The results of getting serious are clear with just a glance at the Issue 4 table of contents. To take only the first five items, they include: not one but two interviews with activists with a history of street sex work, describing their work to empower homeless, street-active and drug-addicted trans communities; not one but two texts by trans prisoners; and Tayleur’s essay arguing that we need to refocus as a movement from questions of identity and “acceptance” to questions of material wellbeing. It is clear we have come a long way from “Welcome.”

I’m not saying this to denigrate Issue 1. I love Issue 1. As a nostalgic bourgeois trans reader, Issue 1 is in some ways the part of Gendertrash that touches me most. And as a publisher, I think both tenors, the personal and the activist, are essential to what Gendertrash is. Without the first, it would be dense and inspirational, but less moving. Without the second, it would be charming and evocative, but dated. 

Maybe what makes this zine so special is not that it contains either, but that it models so clearly the movement between them—the way you might get from personal frustration to organizational commitment. Gendertrash distilled hundreds of personal viewpoints into a hard-won political ethos that made itself known through coherent and moving writing. It is a model we sorely need now. 

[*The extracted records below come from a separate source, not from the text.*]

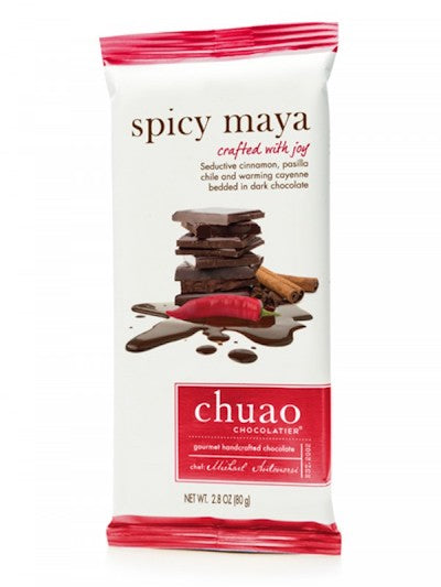Spicy Maya gourmet handcrafted chocolate bars from Chuao Chocolatier. Using premium ingredients, Chuao has created a wonderful chocolate bar based on the flavorings used by acient Mayans. Cinnamon and dark chocolate with an infusion of cayenne and pasilla chile. A sweet and seductive chocolate bar, inspired by the movie Chocolat.
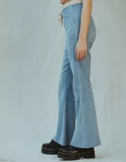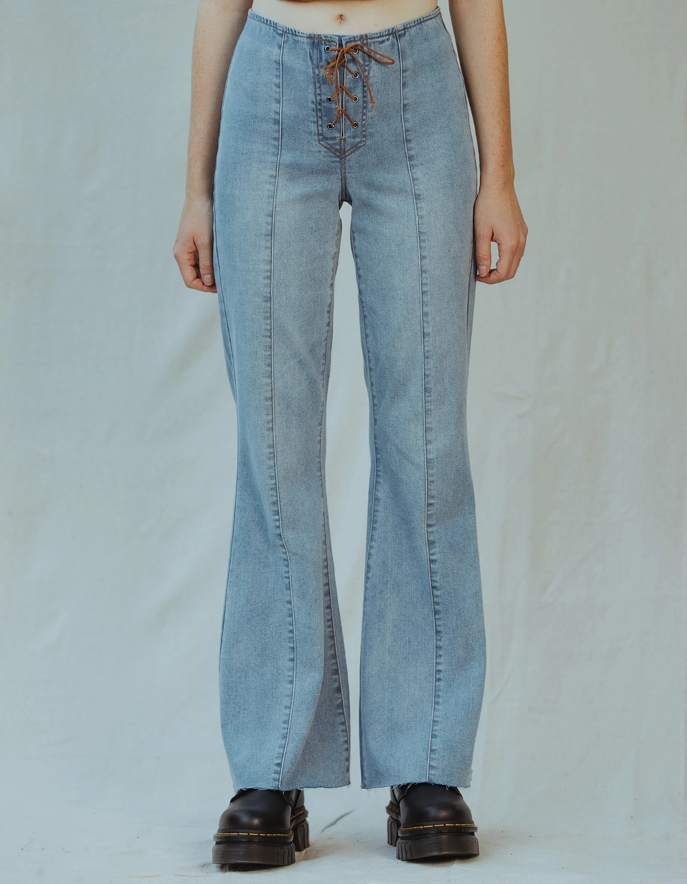 West Of Melrose Lace Up Flare Jeans. Elastic waistband. Lace up front closure. Center seam on pantlegs. Flare cut. Raw hem. 68% Cotton, 25% Polyester, 6% Rayon, 1% Spandex. Machine wash. Imported.
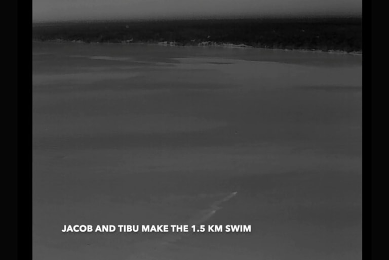 在黑暗中,牠們數度游進卡辛格運河中,卻受到阻礙折返回岸邊。其中一趟路程中,相機在兩隻獅子附近捕捉到另一個大型熱源,很可能是河馬或鱷魚正在追趕牠們。雅各與提布只好兵分兩路,分別逃回岸上。
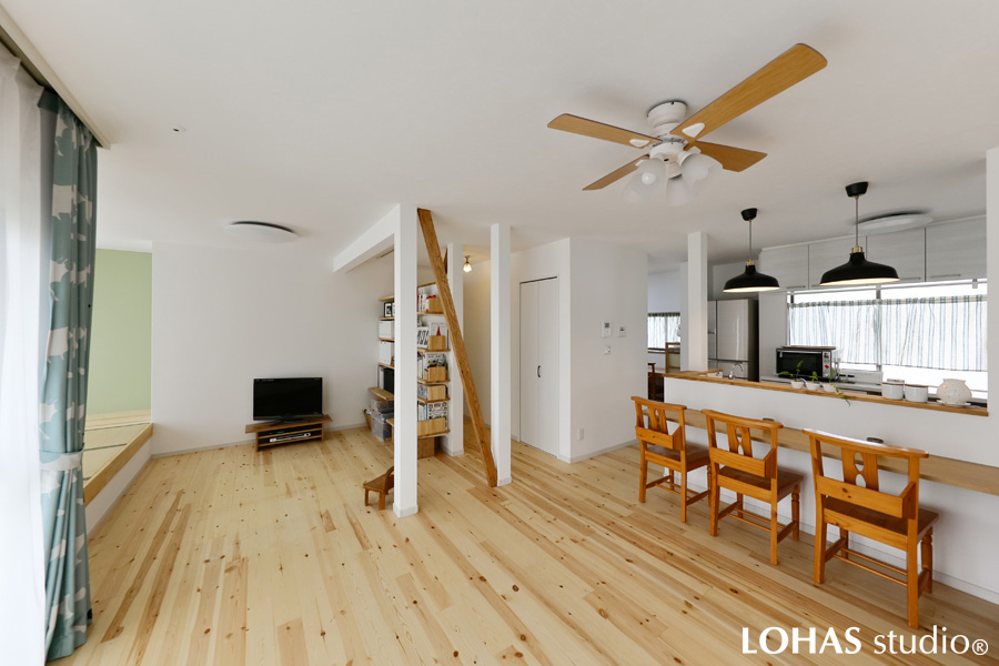 - 【施工事例】相性抜群 無垢床材と無垢の木のキッチン

Then there were the zines themselves. In terms of what to reproduce in the book, I had a choice. Do I work from the zines, or from the masters (a set of cut and pasted pages, with images and snippets of text glued onto them, of which the finished zine is essentially a photocopy)?

On the one hand, the zines were Gendertrash as it had actually circulated. From a position of pure historical accuracy reproducing these would arguably make the most historically faithful artifact.

On the other, Xanthra and Mirha would not have known what the zine would look like when it was photocopied or printed. As Allison Parrish has argued, every transcription is a transformation. Plenty of material looks great in the masters and … less great in the zine. To reproduce the zine would involve deliberately reproducing these unintended consequences. The masters, which were amazing, were the object they could control, the object they actually made.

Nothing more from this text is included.